RewriteRule ^.* - [F,L]

# Do not put an [OR] at the end of the list - or a [NC,OR] - or you will ban yourself from your site - and everybody else too!


I find in most cases for me blocking domains are better than by endless list of IP's.

Sample:

# Ukraine (UA)
deny from .ua
deny from 5.248.0.0/16
deny from 31.41.88.0/21
deny from 134.249.0.0/16
deny from 195.242.218.0/23
deny from colocall.net
deny from ddlmega.net
deny from freenet.com.ua
deny from galahost.net
deny from goldentele.com
deny from hostenko.com
deny from imena.ua
deny from ip.net.ua
deny from isphost.com.ua
deny from kiev.ua
deny from kyivstar.net
deny from kyivstar.net.ua
deny from lviv.ua
deny from lan.ua
deny from lan.com.ua
deny from layer6.net
deny from mirohost.net
deny from pautina.ua
deny from shiksabd.com
deny from sovam.net.ua
deny from sovamua.com
deny from steephost.com
deny from steephost.net
deny from sunnet.com.ua
deny from svitonline.com
deny from synapse.net.ua
deny from tapochek.net
deny from thefds.net
deny from triolan.net
deny from uadomen.com
deny from ukrnames.com
deny from ukrservers.com
deny from uaservers.net
deny from ukr.net
deny from ukrindex.com
deny from ukrindex.net
deny from ukrindex.ua
deny from ukrtel.net
deny from ukrtelecom.net
deny from ukrtelecom.com
deny from ukrtelecom.ua
deny from united.net.ua
deny from volia.com
deny from volia.net
deny from xeonn.org


<IfModule mod_setenvif.c>

# Mozilla prior to 4.0
BrowserMatchNoCase ^Mozilla/[0-3] legacy=mozilla

# MSIE prior to 8.0
BrowserMatchNoCase MSIE\D+[0-7]\.[\d.]* legacy=msie

# Firefox prior to 9.0
BrowserMatchNoCase Firefox\D+[0-9]\.[\d.]* legacy=firefox

# Chrome prior to 9.0
BrowserMatchNoCase Chrome\D+[0-9]\.[\d.]* legacy=chrome

# Safari (inc Mobile) prior to 534
BrowserMatchNoCase Safari\D+(?:[0-4]+|\d?53[0-3]\.[\d.]*) legacy=safari

*NOTE: Has Opera Mobile Bug
# Opera prior to 9.80
# BrowserMatchNoCase Opera\D+(?:[0-8][\d.]*|9\.[0-7]) legacy=opera

# Seamonkey prior to 2.6
BrowserMatchNoCase SeaMonkey\D+(?:[01]|2\.[0-5]) legacy=seamonkey

<Limit GET POST PUT>
Order Allow,Deny
Allow from all
Deny from env=legacy
</Limit>
</IfModule>


Anyone else having problems with digitalocean.com sending a ton of bots? I have blocked them for the most part.

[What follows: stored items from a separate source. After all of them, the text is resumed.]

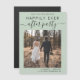 Sage green save the date magnetic announcement card for your post-elopement or post small wedding reception featuring your photo and "Happily Ever After Party" in a mix of simple typography and trendy script with swashes. Under your photo you can add your first names and reception/party date.
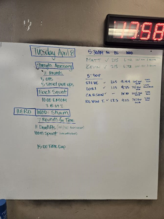 | Strength Accessory Tue Apr 8 2025 | Sham | Back Squats Tue Apr 8 2025 |
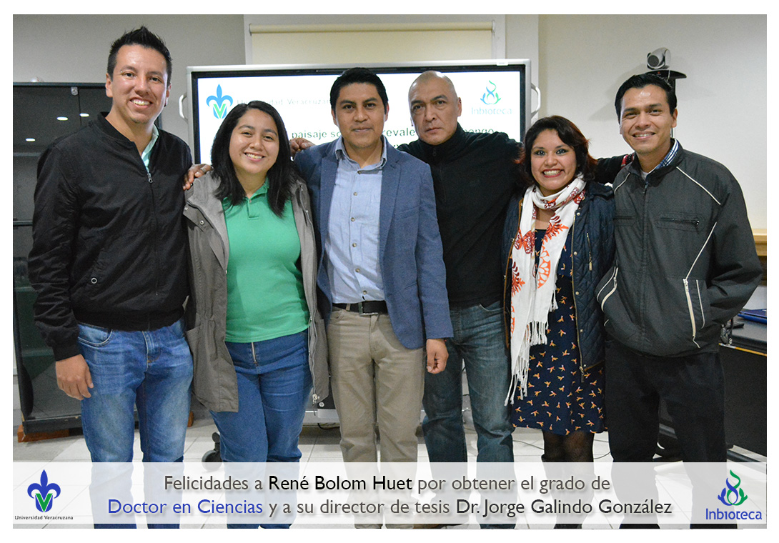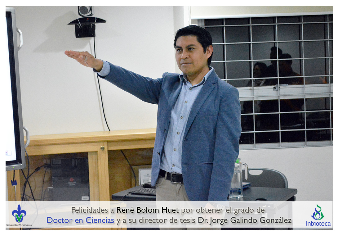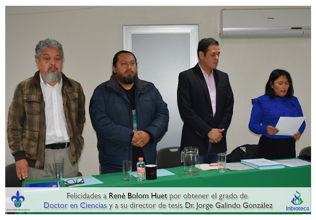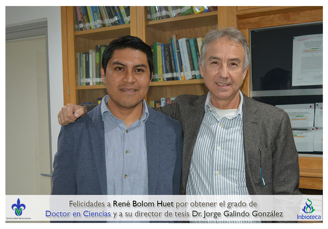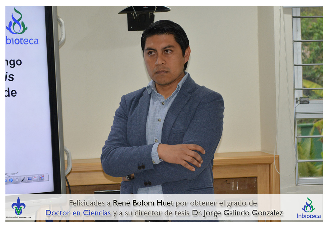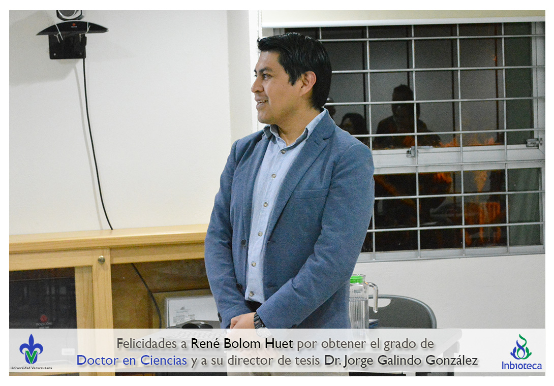 Felicidades a René Bolom Huet por obtener el grado de Doctor en Ciencias en Ecología y Biotecnología, a su director de tesis Dr. Jorge Rodrígo Galindo González, a su comité y a todos los que contribuyeron en el trabajo realizado.
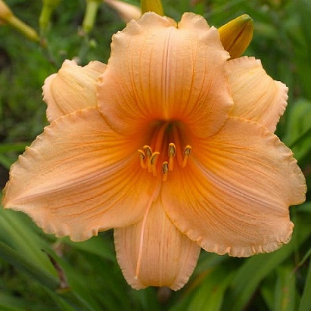 Травянистый корневищный многолетник. Цветоносы до 55 см высотой, жёлтые с розовым оттенком и золотисто-желтым горлом, возвышаются над листьями. Диаметр цветка 13 см. Период цветения июль-август.
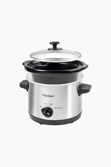 Bestron 1.5 L slow cooker, düşük ısıda yavaş pişirme yöntemiyle et, sebze ve çorbaları lezzetini ve besin değerini koruyarak hazırlar. 2 kişilik porsiyonlara uygun kapasitesi ve 3 kademeli termostatıyla küçük evler için ideal bir çözümdür.
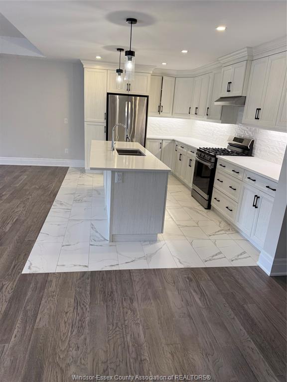 • Modern kitchen features stainless steel appliances and ample counter space.
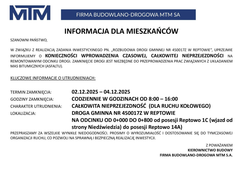 Planowane zamkniecie drogi Reptowo 02.12.2025 – 04.12.2025

[edited by: incrediBILL at 11:46 pm (utc) on Jan 12, 2014]
[edit reason] line breaks [/edit]

lucy24

11:42 pm on Jan 12, 2014 (gmt 0)

WebmasterWorld Senior Member 10+ Year Member Top Contributors Of The Month



<tangent>
# libww Blocks W3C-checklink/4.81 libwww-perl/5.836

I had the identical problem, and got tired of commenting-out the line every time I ran the link checker. Solution:

SetEnvIf Remote_Addr ^128\.30\.52 !keep_out

</tangent>

I suspect, but don't know for sure, that putting each of those SetEnvIf directives on a separate line is more efficient. The question is whether the time spent compiling the Regular Expression-- which has to be done on every single request in htaccess --is more or less than the time saved by not searching the UA string for additional hits after there has been a match. Putting it all on separate lines is definitely easier to read.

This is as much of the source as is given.